In a patient tone Colón said, “What would you suggest I do, Don Terreros?”

“Return to Palos. We can find a new translator there — an educated translator. What you do with this . . . 
boy
is up to your discretion.”

As Pedro spoke I remained silent, examining Colón’s face for a clue of my fate. If Pedro’s father really was a count, he was probably funding this voyage. No, I was thinking small. For all I knew the Terreroses were related to royalty! If it came down to a choice between me and some royal, it was obvious how Colón would choose.

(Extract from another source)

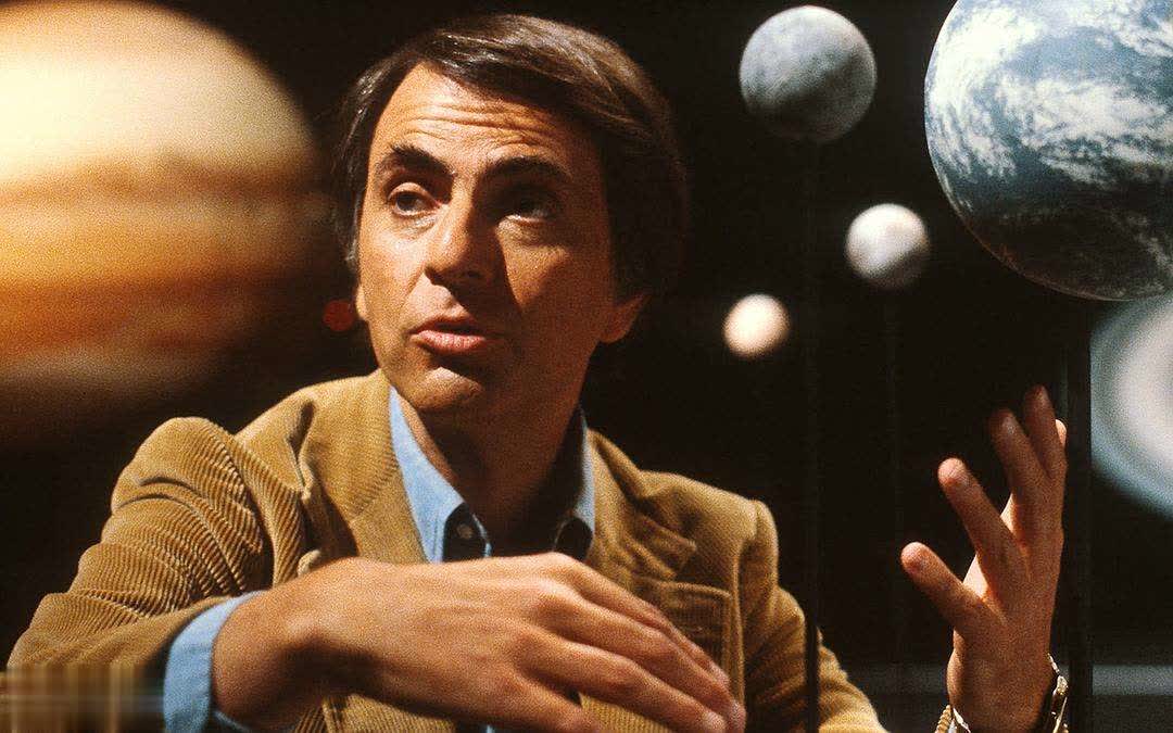 就相当于用一个圆珠笔在白纸上面轻轻地点了一下,如果不仔细看都无法发现,这张照片也成为了旅行者1号最具代表性的杰作,在全世界范围内广为流传,照片中0.12像素的微弱亮点正是我们地球——我们的地球只是一个光点,一个孤独的像素,更巧妙的是,阳光穿过旅行者1号相机的光学系统,在照片上留下了多道条纹,其中一道正好和地球发生相交,这使得地球成为了一粒悬浮在阳光中的微尘,著名的天文学家卡尔·萨根对《暗淡蓝点》的描述:

Or maybe not. Colón put on a fatherly tone and said, “I appreciate your suggestions, Pedro. But I cannot in good conscience abandon any member of our crew. Please trust me when I say I am certain Luis will live up to your high expectations. And who knows? I have a feeling that once you and Luis get to know each other, you two will become fast friends. But right now you must excuse me. I must see Luis in my office.”